MATERIAL PROVIDED:
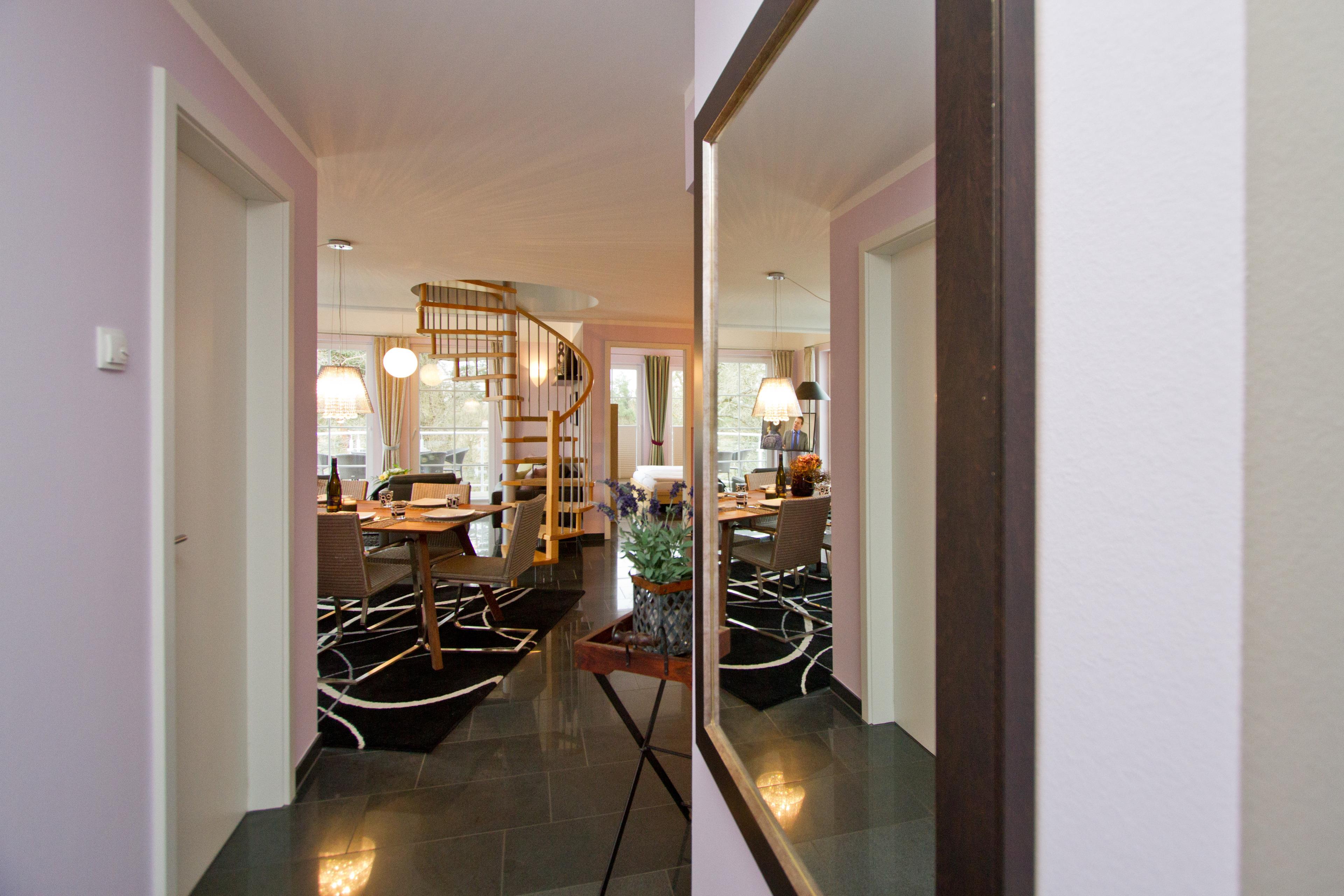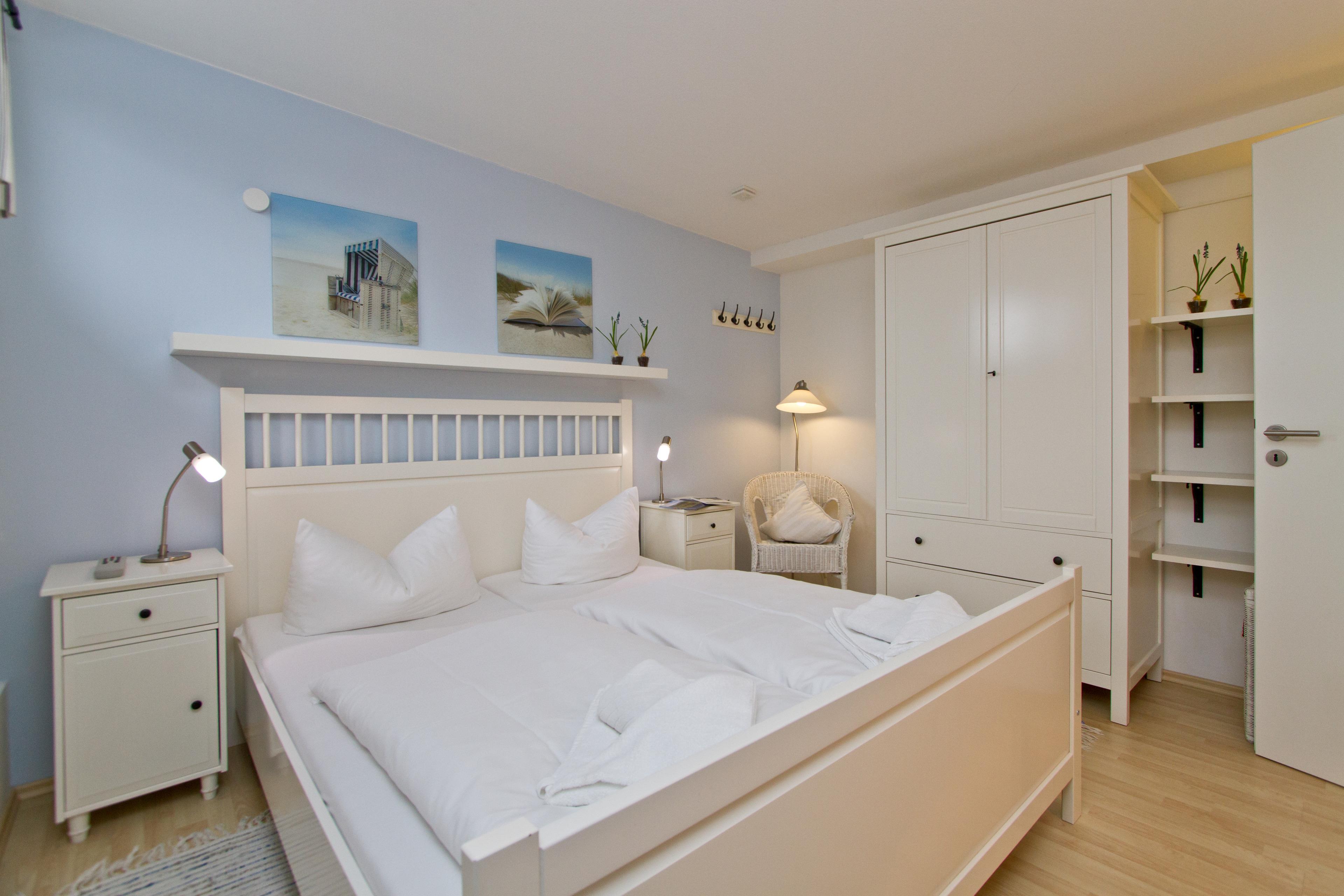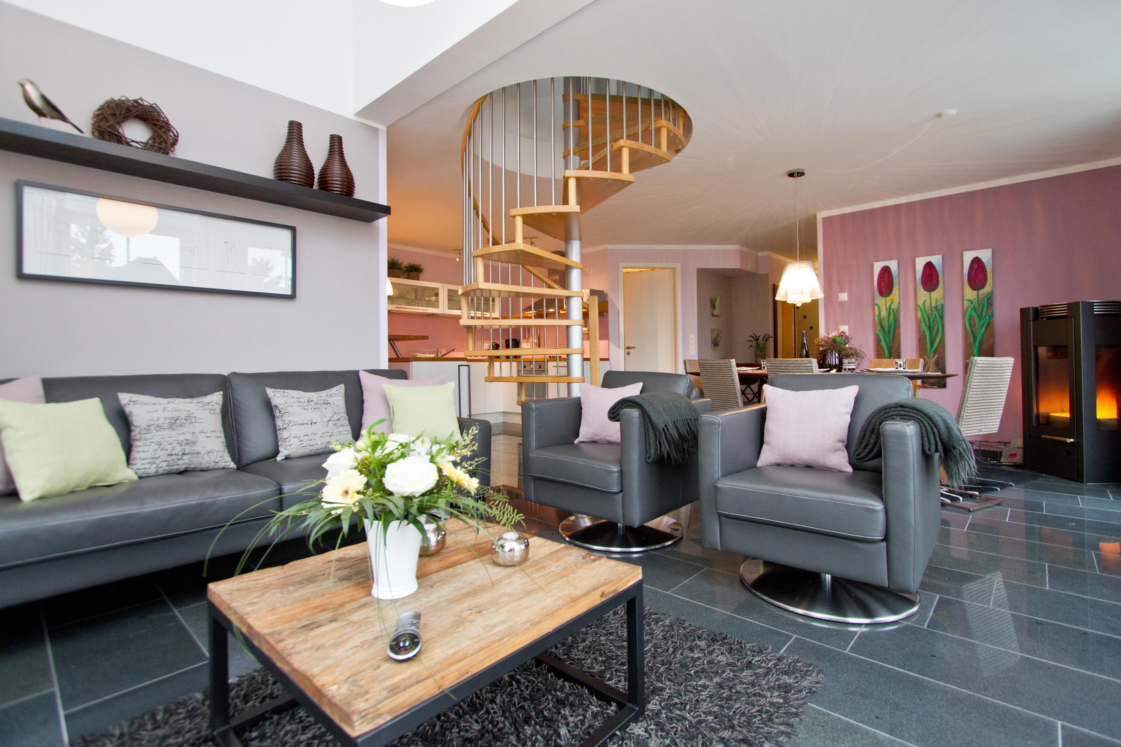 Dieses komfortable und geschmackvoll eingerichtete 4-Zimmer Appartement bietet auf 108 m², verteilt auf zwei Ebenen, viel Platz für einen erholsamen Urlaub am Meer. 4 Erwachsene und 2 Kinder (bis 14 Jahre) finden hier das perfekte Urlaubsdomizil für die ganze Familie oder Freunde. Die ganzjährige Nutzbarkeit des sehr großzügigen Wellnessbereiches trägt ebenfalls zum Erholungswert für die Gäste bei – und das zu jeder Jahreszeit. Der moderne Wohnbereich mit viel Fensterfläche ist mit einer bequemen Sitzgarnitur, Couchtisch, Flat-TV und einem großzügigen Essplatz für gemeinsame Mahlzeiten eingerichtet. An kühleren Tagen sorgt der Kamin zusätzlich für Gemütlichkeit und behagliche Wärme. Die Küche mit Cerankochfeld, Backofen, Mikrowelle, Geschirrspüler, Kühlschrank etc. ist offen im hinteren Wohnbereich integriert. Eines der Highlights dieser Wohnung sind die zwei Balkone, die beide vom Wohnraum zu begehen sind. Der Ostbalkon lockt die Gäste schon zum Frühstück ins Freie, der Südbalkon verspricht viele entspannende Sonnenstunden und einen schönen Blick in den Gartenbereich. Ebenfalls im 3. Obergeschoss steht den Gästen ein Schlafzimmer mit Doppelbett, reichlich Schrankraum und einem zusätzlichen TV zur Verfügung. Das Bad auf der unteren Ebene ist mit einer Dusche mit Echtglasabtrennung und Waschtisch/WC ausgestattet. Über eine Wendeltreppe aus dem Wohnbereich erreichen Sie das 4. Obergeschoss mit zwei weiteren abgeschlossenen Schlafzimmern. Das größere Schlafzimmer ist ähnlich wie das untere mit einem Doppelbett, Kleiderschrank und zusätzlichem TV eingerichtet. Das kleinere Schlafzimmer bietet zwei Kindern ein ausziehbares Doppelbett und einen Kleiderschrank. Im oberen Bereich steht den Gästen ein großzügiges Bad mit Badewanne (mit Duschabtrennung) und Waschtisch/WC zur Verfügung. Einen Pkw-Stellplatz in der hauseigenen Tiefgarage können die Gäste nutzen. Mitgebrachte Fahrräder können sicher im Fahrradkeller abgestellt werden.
...
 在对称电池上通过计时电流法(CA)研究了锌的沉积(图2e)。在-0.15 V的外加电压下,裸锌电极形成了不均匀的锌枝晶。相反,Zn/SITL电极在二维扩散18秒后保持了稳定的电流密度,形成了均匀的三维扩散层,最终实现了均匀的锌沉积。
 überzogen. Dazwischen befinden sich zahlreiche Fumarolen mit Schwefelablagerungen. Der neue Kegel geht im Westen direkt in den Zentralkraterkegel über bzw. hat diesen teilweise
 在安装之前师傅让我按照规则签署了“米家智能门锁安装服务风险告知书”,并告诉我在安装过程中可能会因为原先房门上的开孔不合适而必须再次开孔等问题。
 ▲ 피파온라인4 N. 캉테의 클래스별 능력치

PROBLEM DESCRIPTION: Repeat exactly the lines above from the one with "überzogen. Dazwischen befinden" up to and including the one with "캉테의 클래스별 능력치". No other line belongs in the reply.

SOLUTION BELOW:
 überzogen. Dazwischen befinden sich zahlreiche Fumarolen mit Schwefelablagerungen. Der neue Kegel geht im Westen direkt in den Zentralkraterkegel über bzw. hat diesen teilweise
 在安装之前师傅让我按照规则签署了“米家智能门锁安装服务风险告知书”,并告诉我在安装过程中可能会因为原先房门上的开孔不合适而必须再次开孔等问题。
 ▲ 피파온라인4 N. 캉테의 클래스별 능력치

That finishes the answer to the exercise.